┌──
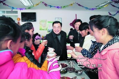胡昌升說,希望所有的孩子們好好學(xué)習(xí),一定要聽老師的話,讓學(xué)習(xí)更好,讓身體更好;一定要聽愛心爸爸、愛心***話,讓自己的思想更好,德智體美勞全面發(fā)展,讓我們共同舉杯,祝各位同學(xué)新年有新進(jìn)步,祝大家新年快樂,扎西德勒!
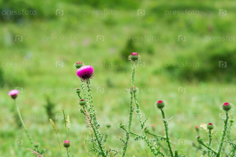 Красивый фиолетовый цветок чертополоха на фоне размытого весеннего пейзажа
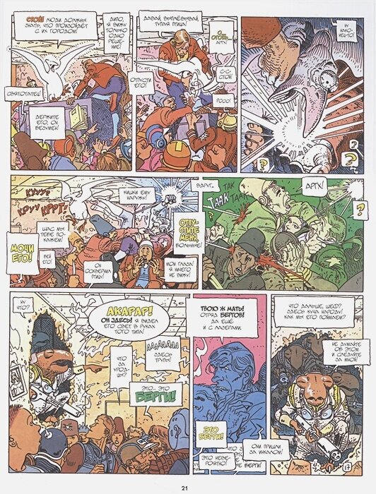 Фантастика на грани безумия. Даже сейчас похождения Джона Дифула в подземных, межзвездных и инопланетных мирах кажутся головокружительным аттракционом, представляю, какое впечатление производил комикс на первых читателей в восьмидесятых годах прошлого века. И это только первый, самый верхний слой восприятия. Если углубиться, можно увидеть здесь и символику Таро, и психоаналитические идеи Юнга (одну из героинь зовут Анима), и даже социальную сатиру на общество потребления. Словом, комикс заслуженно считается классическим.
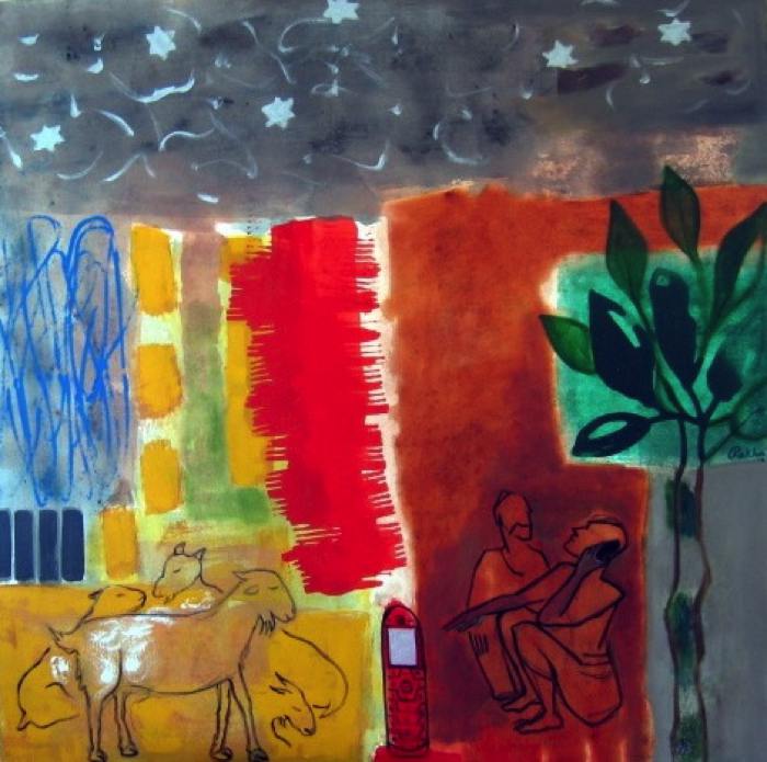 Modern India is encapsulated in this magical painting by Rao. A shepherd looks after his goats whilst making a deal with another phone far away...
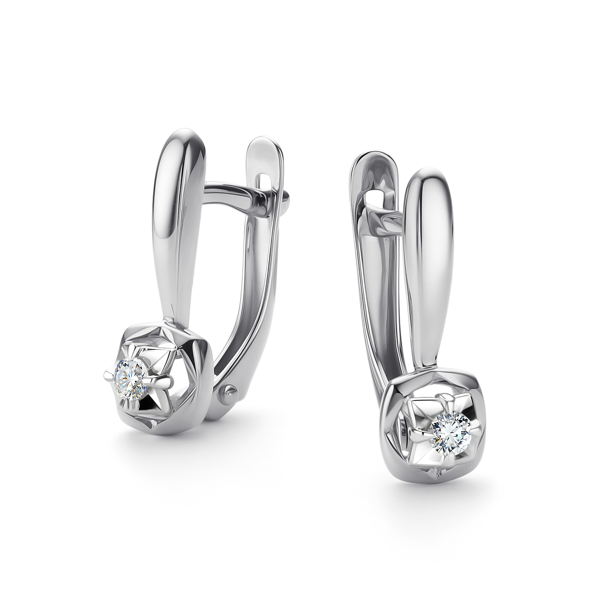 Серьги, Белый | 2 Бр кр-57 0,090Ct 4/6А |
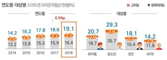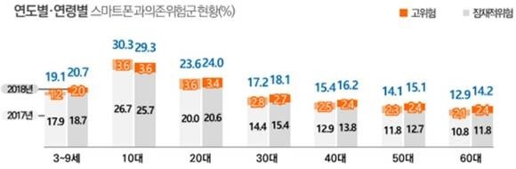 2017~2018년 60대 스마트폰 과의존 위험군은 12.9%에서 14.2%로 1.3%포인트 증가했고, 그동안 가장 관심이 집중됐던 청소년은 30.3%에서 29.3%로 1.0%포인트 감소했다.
└──
:: WORK ITEM ::
Give back every record above word for word; the pictures have no place in it.

:: ANSWER FOR THE TASK ::
胡昌升說,希望所有的孩子們好好學(xué)習(xí),一定要聽老師的話,讓學(xué)習(xí)更好,讓身體更好;一定要聽愛心爸爸、愛心***話,讓自己的思想更好,德智體美勞全面發(fā)展,讓我們共同舉杯,祝各位同學(xué)新年有新進(jìn)步,祝大家新年快樂,扎西德勒!
 Красивый фиолетовый цветок чертополоха на фоне размытого весеннего пейзажа
 Фантастика на грани безумия. Даже сейчас похождения Джона Дифула в подземных, межзвездных и инопланетных мирах кажутся головокружительным аттракционом, представляю, какое впечатление производил комикс на первых читателей в восьмидесятых годах прошлого века. И это только первый, самый верхний слой восприятия. Если углубиться, можно увидеть здесь и символику Таро, и психоаналитические идеи Юнга (одну из героинь зовут Анима), и даже социальную сатиру на общество потребления. Словом, комикс заслуженно считается классическим.
 Modern India is encapsulated in this magical painting by Rao. A shepherd looks after his goats whilst making a deal with another phone far away...
 Серьги, Белый | 2 Бр кр-57 0,090Ct 4/6А |
 2017~2018년 60대 스마트폰 과의존 위험군은 12.9%에서 14.2%로 1.3%포인트 증가했고, 그동안 가장 관심이 집중됐던 청소년은 30.3%에서 29.3%로 1.0%포인트 감소했다.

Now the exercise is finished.